The parents of a suicidal boy shot by a sniper say they never would have called the police if they had known authorities would bring in “an army” with a tank and riot shields to take down their 16 year old.
Lisa and Nick Messina spoke out for the first time this week on the May 1 shooting, offering the media a side of the story son Andrew didn’t live to tell.
On the day he was shot in his family’s suburban Atlanta home, the boy—called a pacifist by some—was upset over a bad grade at school.
“He just got sad and kind of down on himself and talked about running away,” Nick told a local CBS affiliate. “And that discussion turned to ending his life. And I wasn’t home.”
Things happened fast after that discussion. Andrew went upstairs, returning with a .357 Magnum in one hand, bullets in the other.
It was at that point that his mother called 911.
Operators told her she should leave the home and that they did not know how many squad cars would be coming to their house.
So it came as a surprise when a huge group of officers arrived after the call.
“They brought an army to take out a 16-year-old boy.
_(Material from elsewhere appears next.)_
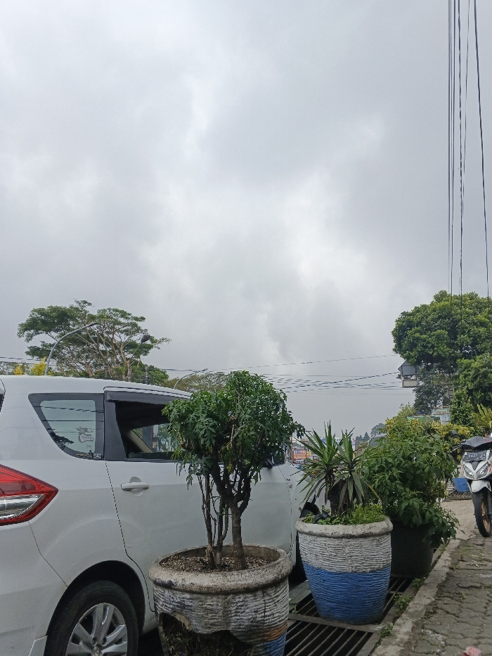 This image depicts an urban street scene in the city of Bien Hoa, Vietnam, under an overcast sky. In the foreground, a significant portion of a white multi-purpose vehicle (MPV) or SUV is parked on the left, with its rear left side visible, facing away from the viewer. Adjacent to the vehicle, on what appears to be a sidewalk or paved area, are several potted plants. The closest planter is a large, weathered, textured concrete pot, partially damaged at its base, containing a small tree with green foliage. To its right, another similarly textured concrete planter, painted with blue and white sections, holds a yucca-like plant and smaller greenery. These planters rest on or near a metal drainage grate. Further to the right, the front wheel and part of the bodywork of a dark-colored scooter or motorcycle are visible, indicating another parked vehicle. The background features abundant green foliage from various trees, suggesting a lush, tropical environment. Numerous black overhead power lines and utility poles traverse the upper mid-ground of the image. A street light fixture is partially visible above the white vehicle. The distant background shows faint outlines of structures or buildings through the trees and atmospheric haze. No individuals are visible in the scene, and no specific actions or interactions are occurring.

To kill a 16-year-old boy,” Andrew’s father said.
As the police waited outside, Andrew recorded a dramatic video of himself drinking, pacing around the front room of the house and speaking to his father.
“I do know personally I really don’t want to live. So you should just let this happen if you really love me,” Andrew can be heard saying to his father.
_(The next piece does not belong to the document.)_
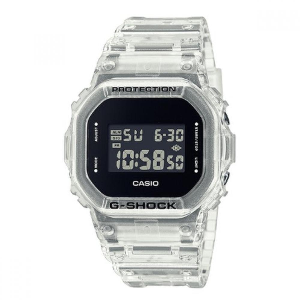 DW-5600USKE-7DR is part of the G-SHOCK Skeleton series, constructed with transparent resin components. It features a clear type with a white base color, based on the original square model DW-5600, showcasing an elegant design. It offers a waterproof rating of 20 atmospheres (200m) and includes various alarm and stopwatch functions for convenient daily use.

Andrew’s video also records his phone conversation with negotiators, in which he tells police he is merely angry and that he wanted to speak with his father.
In the minutes before their son’s death, Nick and Lisa watched as sniper Jason Yarbrough walked past them in camouflage, the rifle he would use to shoot their son slung over his shoulder.
Cherokee County Sheriff Roger Garrison maintains that the shooting was necessary, that Andrew was violent and that if they had not taken serious action, the boy would have killed someone on his police team.
Months later, Lisa says she wishes that team had never been called in the first place.
“That’s the one thing I would have done different today. I would not have called 911,” she said.